- Born: Sinéad Ní Chuinn 24 March 1980 (age 46) Irvinestown, County Fermanagh, Northern Ireland
- Genres: Pop rock
- Years active: 2002–present
- Label: Mercury (2002–03)
- Member of: Sinéad and The Dawnbreakers

= Sinéad Quinn =

Northern Irish singer (born 1980)

Sinéad Quinn (Sinéad Ní Chuinn; born 24 March 1980) is a Northern Irish singer, best known as a contestant in the first series of the UK BBC TV series Fame Academy in 2002. She later went on to sign a recording contract, released an album, and had a #2 UK single with "I Can't Break Down" in February 2003.

==Career==

===Fame Academy===
Quinn did not enter the Fame Academy in the same way as the other contestants. The first eleven contestants were picked by the show's judges, but the final contestant was picked through a public vote in the first program of the series. Quinn, David Sneddon, and Paul MacDonald sang in this vote, but Quinn won the public's support. She gained 51% of the votes and won her place in the Fame Academy.

During the course of the competition she sang a range of songs from Macy Gray's "I Try" and Garth Brook's "If Tomorrow Never Comes" to "(I Can't Get No) Satisfaction" and No Doubt's "Don't Speak".

In the final, she was up against David Sneddon (who had entered the Academy at a later date after Naomi Roper pulled out due to illness) and Lemar Obika. She finished second with 2.5 million of the 6.5 million votes cast.

=== Solo career ===
Within a week of leaving the Fame Academy, Quinn signed a £1 million, five-album record deal with Mercury Records.
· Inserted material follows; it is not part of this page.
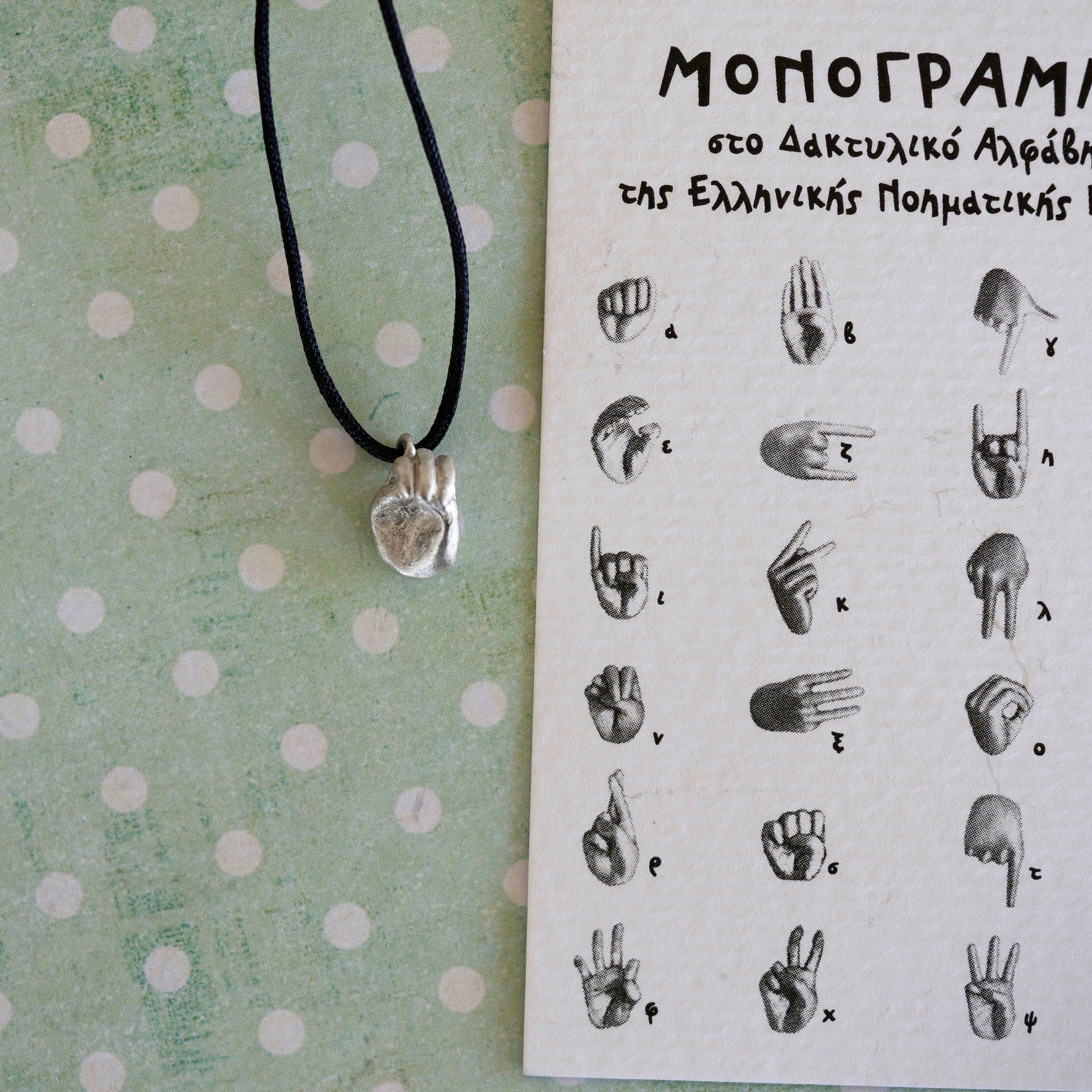 Ανακαλύψτε το μοναδικό μας μενταγιόν από μασίφ Ασήμι 925°, σχεδιασμένο με αγάπη και έμπνευση από την Ελληνική Νοηματική Γλώσσα.

Her debut single, "I Can’t Break Down", was released on 10 February 2003. It reached number 2 in the UK Singles Chart, being beaten to the top spot by t.A.T.u. The single sold 95,000 copies, finishing in 65th place for the top-selling UK singles of 2003. The video was directed by Dani Jacobs and filmed in the empty Fame Academy house. Her follow-up single "What You Need Is" reached number 19 in the same chart, and her self-written album, Ready to Run, peaked at number 48 in the UK Albums Chart.

Quinn's only other releases to date were on the Fame Academy Album, alongside all the other Fame Academy contestants, and guest vocals on fellow contestant Malachi Cush's debut album.

===Live performances and songwriting===
Both before and after Fame Academy, Quinn was a keen songwriter and performer. The show allowed her to develop her songwriting talents and provided her with her first ever singing lessons. The Fame Academy Tour, which followed the series, gave Quinn her first major public performances outside a TV studio.

In the years since leaving Fame Academy, she has had a regular list of public performances. With the backing of a guitar-based group, she went on a university tour in 2003. She played to a full-house at Music Live 2003 at the National Exhibition Centre and, in 2005, she supported Children in Need with a performance and sang at the switch-on of Christmas lights in Coventry.

She took part in RTÉ's TV show The Lyrics Board, and on New Year's Eve 2005 performed on RTÉ's Everyone's a Winner, singing Sheryl Crow's "Everyday Is a Winding Road". Late in 2005 Quinn was invited by the Irish President Mary McAleese "to a reception to celebrate [her] contribution to the entertainment industry in Ireland" at the President's official residence, Áras an Uachtaráin.

Quinn played the role of Beth in the 2007 live tour of Jeff Wayne's Musical Version of The War of the Worlds. The same year, she performed at and judged the regional finals for Girl Guiding UK's talent competition Guiding Star. and also appeared at the Grand Final in Sheffield on 30 June 2007 as a performer and a judge.

Whilst she concentrated on smaller concerts in 2008, mainly in locations in London, Quinn was also the support act for Lulu at the Chichester Festivities in July 2008.

Since May 2009 Quinn has been performing as part of Sinéad and The Dawnbreakers. The band have been playing all over the country at various venues and festivals. They played at the Little World Festival in Meribel, France both years it has been running. Her husband Paul Stewart is the drummer for the band.

Quinn now plays corporate and private gigs and works at Electric Umbrella in London, which uses music therapy to work with adults with disabilities.

== Personal life ==
Born in Irvinestown, County Fermanagh, Northern Ireland, Quinn is the third child of Gerry and Philomena Quinn. She studied at the University of Hull.

On 9 October 2007, she became engaged to Paul Stewart and they married on 6 December 2008, at the Sacred Heart Church in Irvinestown. They have three children.

==Discography==

===Albums===

| Year | Album | Chart positions |
UK
| 2003 | Ready to Run Released: 14 July 2003; Formats: CD; | 48 |

===Singles===

Year: Title; Album; Chart positions
UK: IRE
2003: "I Can't Break Down"; Ready to Run; 2; 13
"What You Need Is...": 19; —
"—" denotes singles that were released but did not chart.